Instructions to follow: Your output should be the lines from the one containing "Log buildings along a reservoir shoreline" through the end of the listing, exact and inclusive, with no pictures.

Supplied data:
= = =

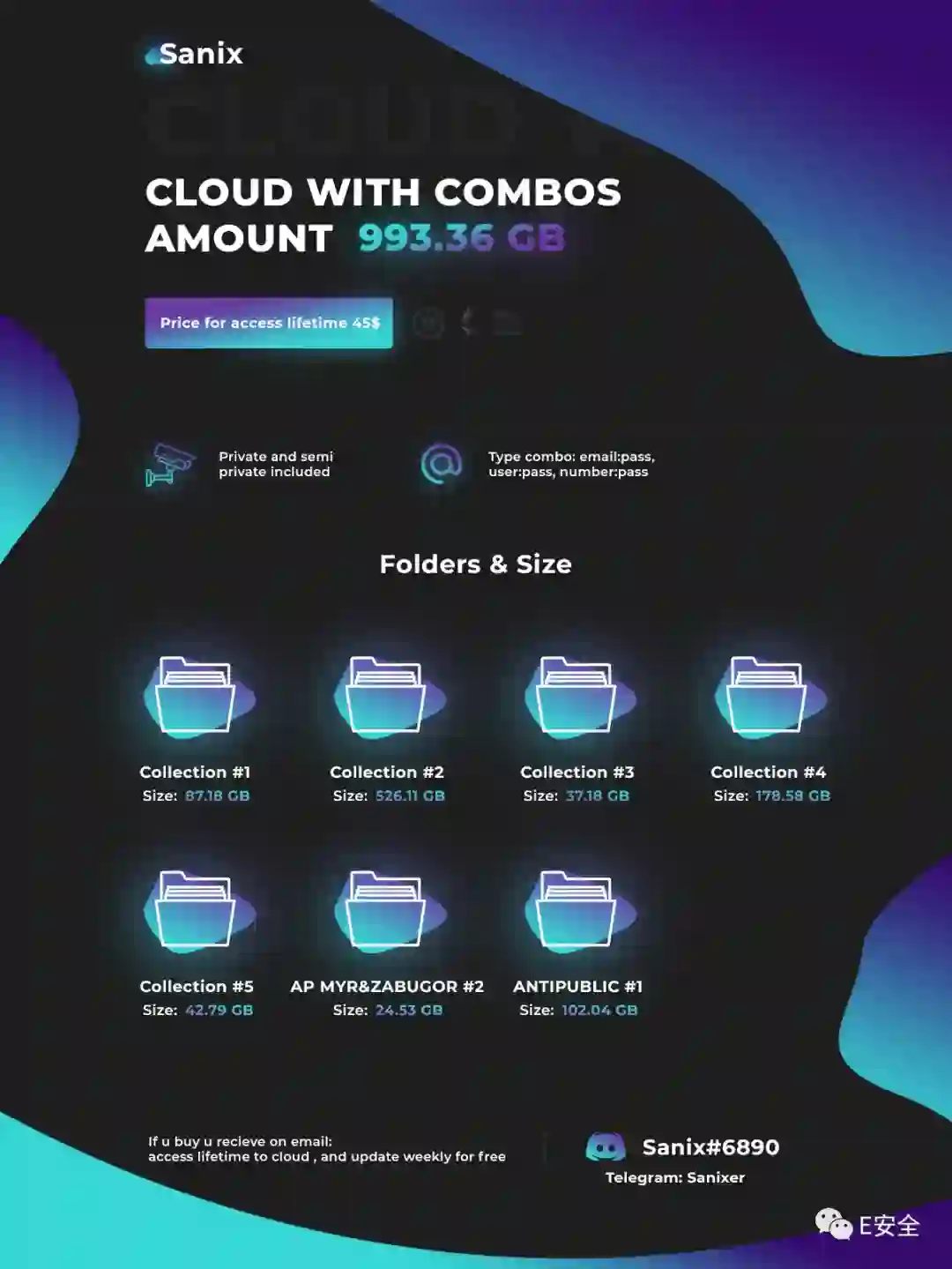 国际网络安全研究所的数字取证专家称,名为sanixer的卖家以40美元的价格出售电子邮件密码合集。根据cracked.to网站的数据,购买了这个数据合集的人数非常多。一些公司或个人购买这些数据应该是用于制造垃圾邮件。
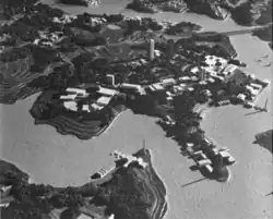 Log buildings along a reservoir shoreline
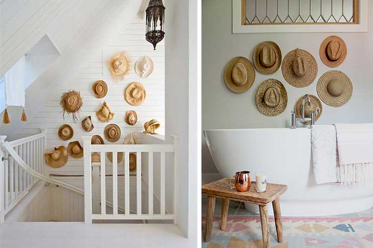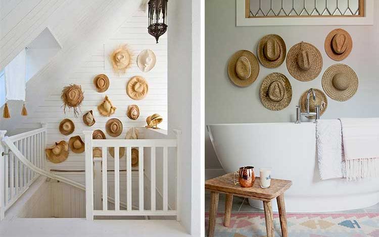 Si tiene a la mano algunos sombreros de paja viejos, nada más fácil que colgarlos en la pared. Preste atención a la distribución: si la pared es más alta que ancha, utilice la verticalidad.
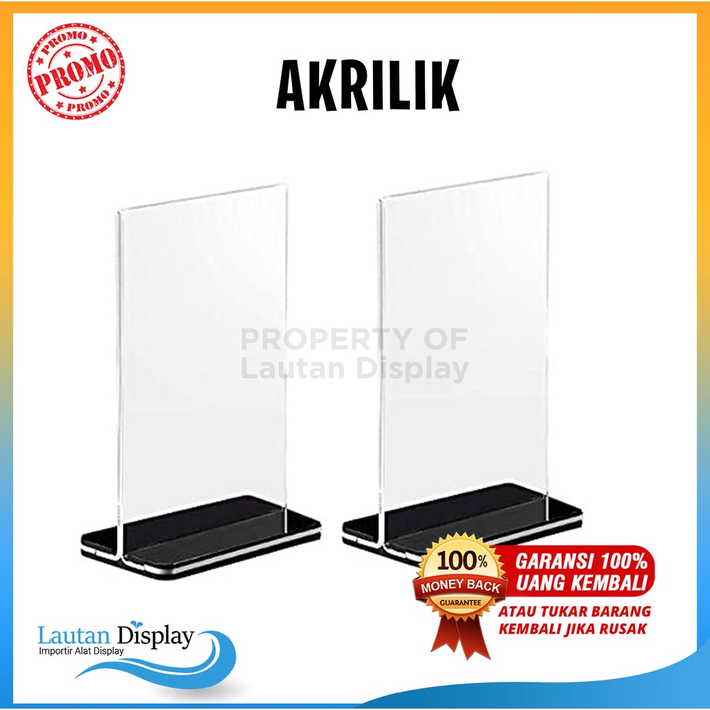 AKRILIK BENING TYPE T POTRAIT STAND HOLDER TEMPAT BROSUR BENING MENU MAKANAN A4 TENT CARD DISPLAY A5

= = =

Your response:
 Log buildings along a reservoir shoreline
 Si tiene a la mano algunos sombreros de paja viejos, nada más fácil que colgarlos en la pared. Preste atención a la distribución: si la pared es más alta que ancha, utilice la verticalidad.
 AKRILIK BENING TYPE T POTRAIT STAND HOLDER TEMPAT BROSUR BENING MENU MAKANAN A4 TENT CARD DISPLAY A5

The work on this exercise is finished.